Relationship between convex functions and coercivity

Question

I was struggling with this problem:

Let $f : \mathbb{R}^n \to \mathbb{R}$ be continuously differentiable convex function. Show that for any $\epsilon > 0$ the function $g_\epsilon (x) = f(x) + \epsilon \|x\|^2$ is coercive.

I'm a little confused as to the relationship between a continuously differentiable convex function and coercivity. I know the definitions of a convex function and a coercive function, but I'm unsure if they're related in some way that would help me prove this.
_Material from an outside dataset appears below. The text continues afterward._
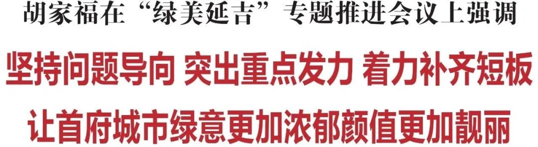 胡家福指出,去年12月以来,我们坚持把开展“绿美延吉”行动作为一项重大民生工程,以提升城市生态环境质量为引领,以绿网、路网、水网、管网项目建设为支撑,以争创国家森林城市为目标,一体推进道路绿化、景观绿化、沿河绿化,打造了一批游园广场、建设了一批精品街路、塑造了一批绿美景观、治理了一批城市“疮疤”、推出了一批网红打卡地,城市绿化、亮化、美化工作取得了明显成效,得到了社会各界和各族群众的广泛赞誉。在肯定成绩的同时,必须清醒地看到工作中仍然存在个别主街主路绿美层次不高、少数地方“脏乱差”问题依然存在、拆除违章建筑力度不够、道路交通微循环不畅、城市精细化管理水平急需提升等突出问题。延吉市及相关部门要突出问题导向、效果导向,坚持动作要快、标准要高、责任要实,抢抓秋冬两季绿化有效施工期,以项目建设为牵引,以道路畅通工程为支撑,以整合各方资源力量为保障,进一步明确目标任务、压实工作责任、细化配套举措,加快提升城市生态环境质量,丰富城市人文景观,打通城市“断头路”,开发打造新的文旅产品,推动“绿美延吉”行动再上新台阶。
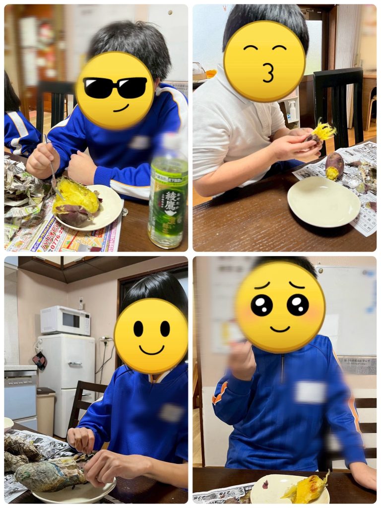 放課後デイ 2025.12.22 焼き芋🍠✨ 12月は、余っていたさつまいもで焼き芋をしました‼︎✨ 新聞紙にさつまいもを包んでから、水で濡らし、上からアルミホイルを巻いてバーベキューコンロで蒸し焼きにしました🤗 熱々ホカホカで、子供達も「美味しい!」と喜んでいました😋🌟 もうすぐ冬休みが始まります! 体調に気をつけて、元気いっぱいに楽しもうね!🥰🎶

Any hints?

Thanks

Answer 1

We have $f(x) \geq f(z)+\langle \nabla f (z),x-z\rangle$ for a fixed $z$. Now estimate below using Cauchy-Schwarz as follows: \begin{align*} \epsilon\|x\|^2 + f(x) &\geq \epsilon\|x\|^2+ f(z)+\langle \nabla f (z),x-z\rangle\\ &\geq \epsilon \|x\|^2 +f(z) - \|\nabla f(z)\|\cdot\|x-z\|\\ &\geq \epsilon \|x\|^2 +f(z) - \|\nabla f(z)\|\cdot \left(\|x\|-\|z\|\right)\\ &\to \infty \quad \text{as $\|x\|\to\infty$.} \end{align*}

Answer 2

If $x_1, x_2 \in \mathbb R^n$ then \begin{align} \langle x_1 - x_2, \nabla g_\epsilon(x_1) - \nabla g_\epsilon(x_2) \rangle &= \langle x_1 - x_2, \nabla f(x_1) + 2 \epsilon x_1 - (\nabla f(x_2) + 2 \epsilon x_2) \rangle \\ &= \underbrace{\langle x_1 - x_2, \nabla f(x_1) - \nabla f(x_2) \rangle}_{\geq 0} + 2 \epsilon \underbrace{\langle x_1 - x_2, x_1 - x_2 \rangle}_{\|x_1 - x_2 \|_2^2} \\ &\geq 2 \epsilon \|x_1 - x_2 \|_2^2. \end{align} This shows that $g_\epsilon$ is coercive.

(The inequality $$ \langle x_1 - x_2, \nabla f(x_1) - \nabla f(x_2) \rangle \geq 0 $$ expresses the fact that $\nabla f$ is monotone.)